### Task data
....

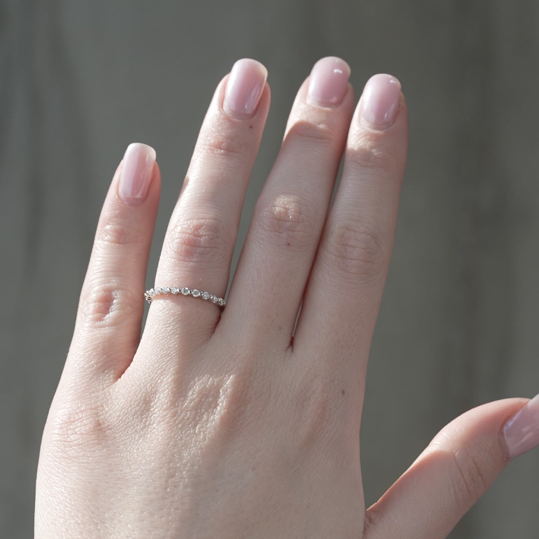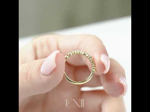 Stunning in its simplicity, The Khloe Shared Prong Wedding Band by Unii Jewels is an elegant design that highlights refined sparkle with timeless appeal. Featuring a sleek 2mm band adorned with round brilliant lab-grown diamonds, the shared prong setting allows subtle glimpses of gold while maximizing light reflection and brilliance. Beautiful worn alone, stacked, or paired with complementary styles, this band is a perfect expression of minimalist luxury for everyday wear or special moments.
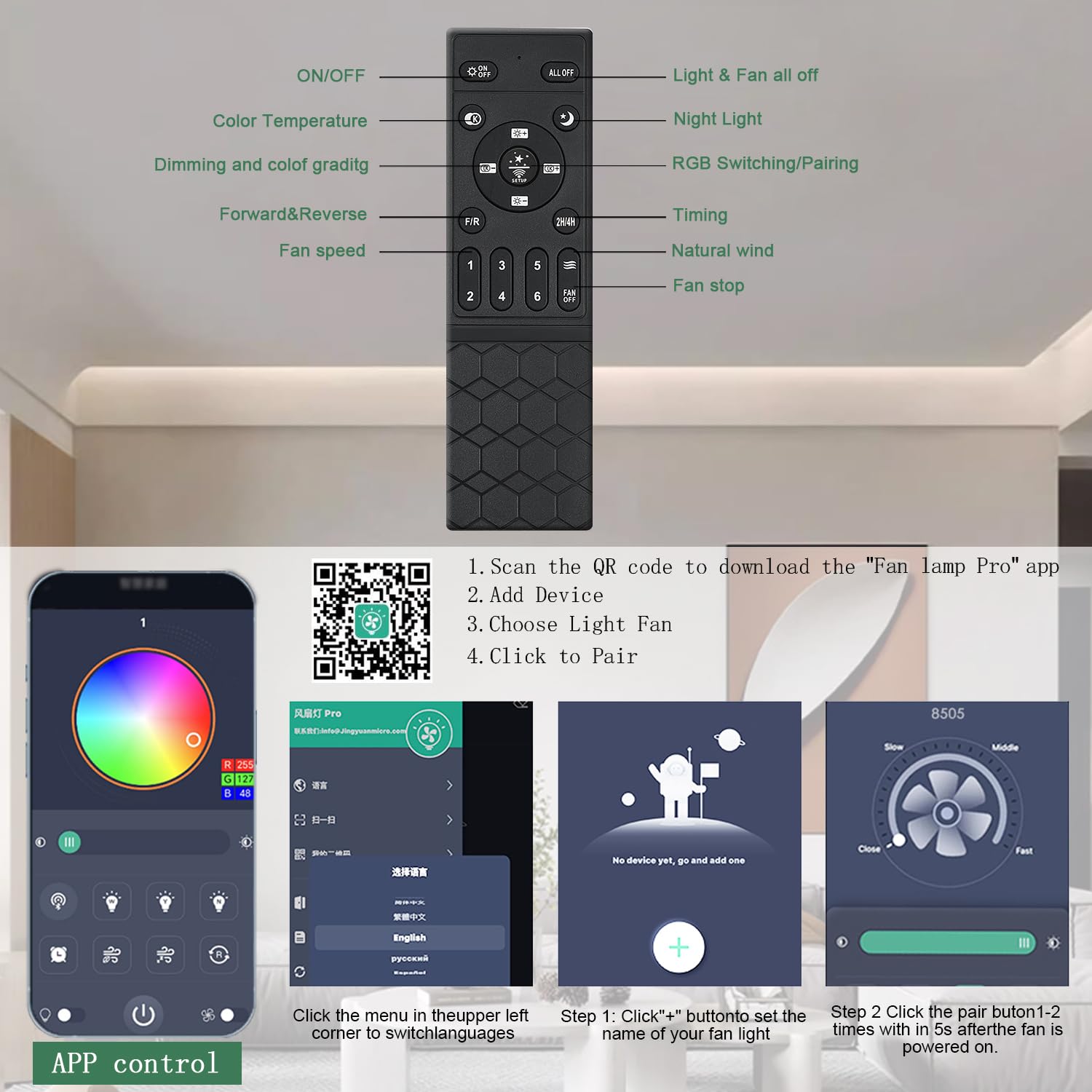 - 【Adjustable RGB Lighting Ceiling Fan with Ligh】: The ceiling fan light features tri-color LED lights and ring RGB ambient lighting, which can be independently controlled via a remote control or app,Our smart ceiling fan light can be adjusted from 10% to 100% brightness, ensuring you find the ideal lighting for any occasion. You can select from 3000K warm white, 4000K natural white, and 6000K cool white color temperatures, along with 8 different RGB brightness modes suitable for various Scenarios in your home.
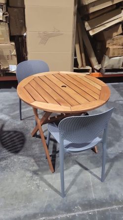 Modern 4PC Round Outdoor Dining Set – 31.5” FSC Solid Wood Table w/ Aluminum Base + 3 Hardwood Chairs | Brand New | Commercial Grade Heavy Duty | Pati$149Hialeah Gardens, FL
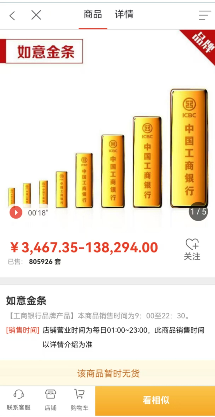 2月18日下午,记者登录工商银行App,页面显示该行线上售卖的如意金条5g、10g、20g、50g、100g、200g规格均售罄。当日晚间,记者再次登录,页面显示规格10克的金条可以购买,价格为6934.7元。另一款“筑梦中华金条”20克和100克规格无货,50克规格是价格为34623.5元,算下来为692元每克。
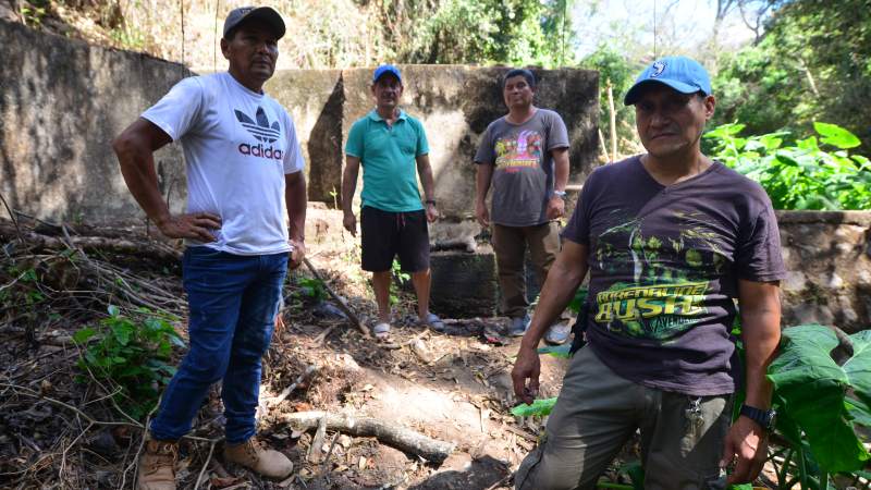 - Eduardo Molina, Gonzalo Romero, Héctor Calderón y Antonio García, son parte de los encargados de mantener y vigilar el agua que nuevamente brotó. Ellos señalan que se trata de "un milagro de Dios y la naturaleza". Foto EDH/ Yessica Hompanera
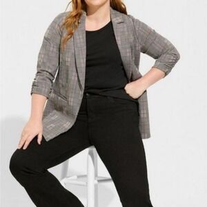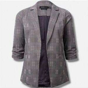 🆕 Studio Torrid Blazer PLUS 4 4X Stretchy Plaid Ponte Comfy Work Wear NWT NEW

....

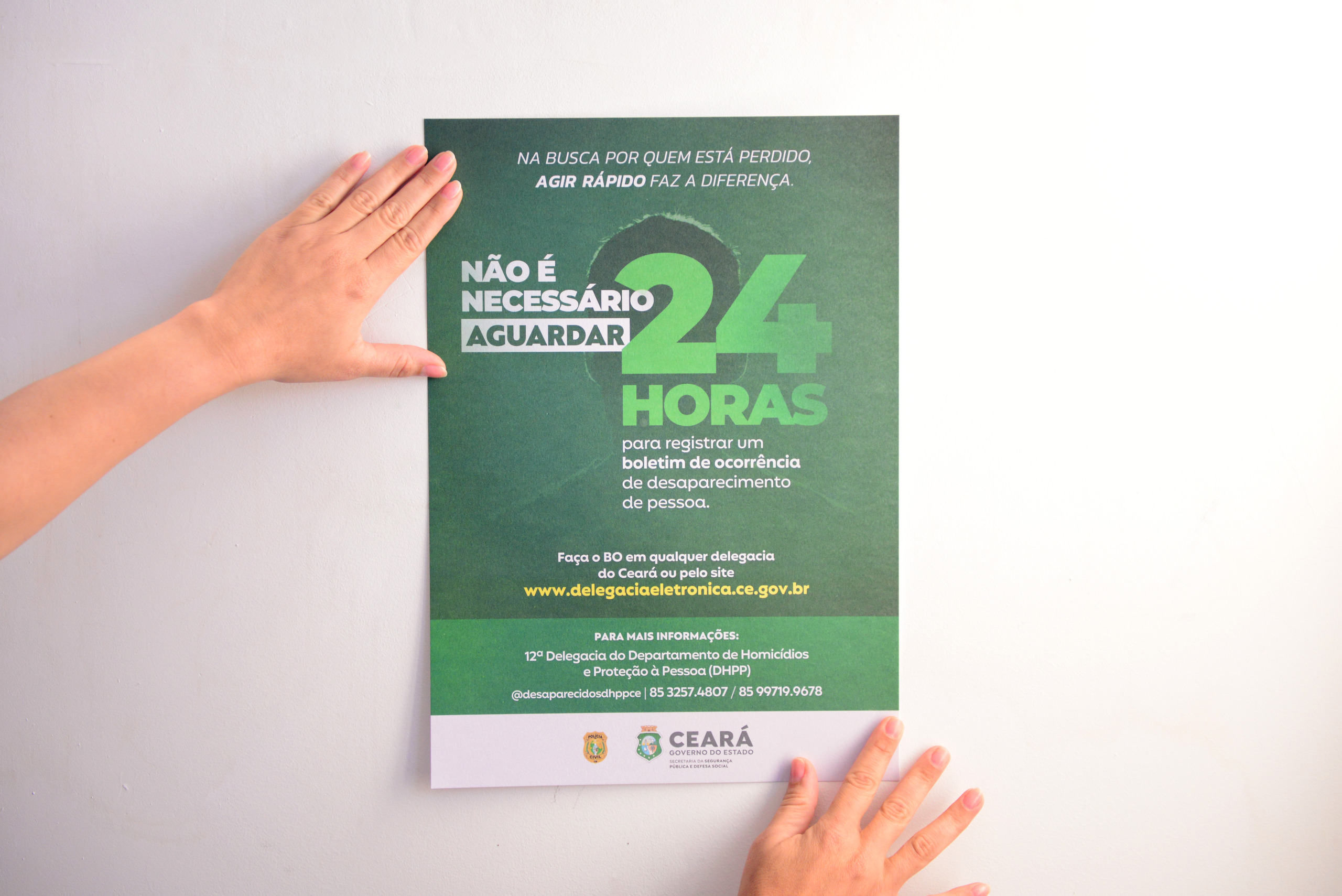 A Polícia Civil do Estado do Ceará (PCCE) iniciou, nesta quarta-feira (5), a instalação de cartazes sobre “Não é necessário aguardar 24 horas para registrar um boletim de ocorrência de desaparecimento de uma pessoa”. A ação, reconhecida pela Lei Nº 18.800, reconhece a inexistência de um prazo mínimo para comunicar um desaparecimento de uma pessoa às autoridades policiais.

....

### What needs to be done
Look above for the line with "Stunning in its", then print it and each line after it down to and including the line with "2月18日下午,记者登录工商". Leave out the pictures and keep the wording exact.

### Exercise result
 Stunning in its simplicity, The Khloe Shared Prong Wedding Band by Unii Jewels is an elegant design that highlights refined sparkle with timeless appeal. Featuring a sleek 2mm band adorned with round brilliant lab-grown diamonds, the shared prong setting allows subtle glimpses of gold while maximizing light reflection and brilliance. Beautiful worn alone, stacked, or paired with complementary styles, this band is a perfect expression of minimalist luxury for everyday wear or special moments.
 - 【Adjustable RGB Lighting Ceiling Fan with Ligh】: The ceiling fan light features tri-color LED lights and ring RGB ambient lighting, which can be independently controlled via a remote control or app,Our smart ceiling fan light can be adjusted from 10% to 100% brightness, ensuring you find the ideal lighting for any occasion. You can select from 3000K warm white, 4000K natural white, and 6000K cool white color temperatures, along with 8 different RGB brightness modes suitable for various Scenarios in your home.
 Modern 4PC Round Outdoor Dining Set – 31.5” FSC Solid Wood Table w/ Aluminum Base + 3 Hardwood Chairs | Brand New | Commercial Grade Heavy Duty | Pati$149Hialeah Gardens, FL
 2月18日下午,记者登录工商银行App,页面显示该行线上售卖的如意金条5g、10g、20g、50g、100g、200g规格均售罄。当日晚间,记者再次登录,页面显示规格10克的金条可以购买,价格为6934.7元。另一款“筑梦中华金条”20克和100克规格无货,50克规格是价格为34623.5元,算下来为692元每克。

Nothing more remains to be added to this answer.